Master thesis project for the M.Sc. in Physics of Complex Systems @ Politecnico di Torino
This repo contains the code for my (Gerardo Castagno) master thesis in Physics of Complex Systems @ Politecnico di Torino, under the supervision of Andrea Barral and Alessandro Sabatino (Intesa Sanpaolo).
The master thesis focuses on developing an AI model designed to generate profitable investment strategies that outperform market benchmarks. Specifically, the model constructs a portfolio of 500 US equities, determining optimal positions and allocations for each stock. The goal is to maximize returns while minimizing risk and transaction costs.
A link to the thesis will be made available as soon as Politecnico di Torino uploads it on its archive.

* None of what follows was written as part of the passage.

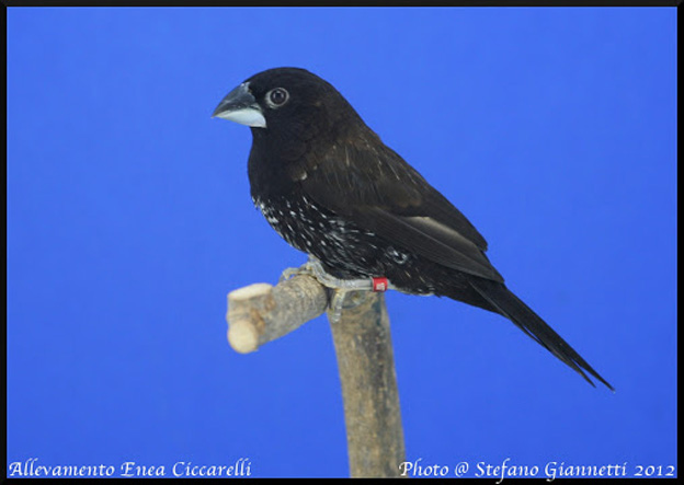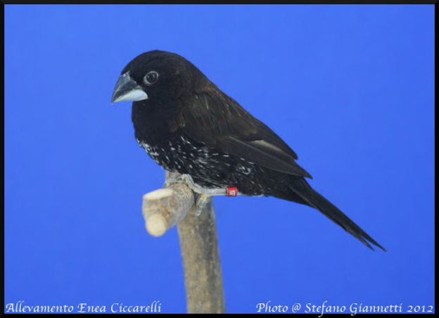 L’eumelanismo è molto comune nei passeri del Giappone, questo fenomeno è dovuto a volte a fattori ambientali ed alimentari, in Asia invece sono stati selezionati dei passeri del Giappone eumelanici privi di disegno ventrale ed è quindi stata fissata da anni questa nuova mutazione. È quindi per noi molto difficile capire ogni qual volta ci si presenti un soggetto simile alla foto sopra capire se si tratti di una mutazione vera e propria, l’eumo appunto, o si tratti di un aberrazione genetica dovuta a cause ambientali.
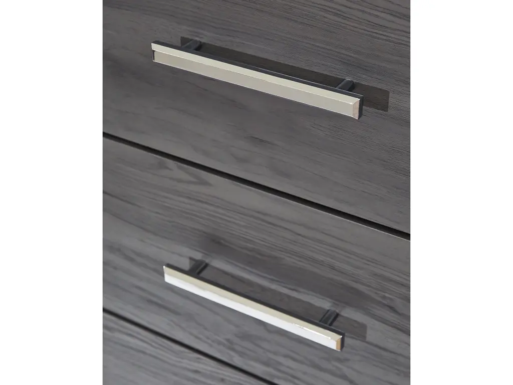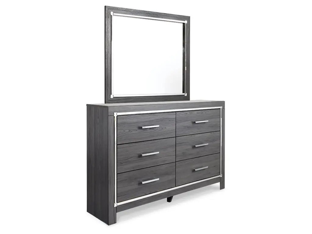 Reminiscent of Hollywood glamour of yesteryear, the Lodanna dresser and mirror set interprets luxury in a decidedly modern way. A dazzling gray finish and faceted chrome-tone accents enhance the star power. Six smooth-gliding drawers provide enough storage to appease your inner diva.

The repo contains 2 notebooks:
- "dataprep" containing the code used to create the LSTM matrices used to train and test the proposed AI model;
- "sp500_perturbation" containing the following elements:
- the custom subclassed model;
- the training procedure;
- the test data generation procedure (which employs a rolling-forward loop due to the peculiar nature of the model);
- the code for the evaluation of the performances of the generated strategies;
- the code for the analysis of the generated test portfolio-weights allocation;
- the code for the feature subset selection & hyperparameter tuning processes.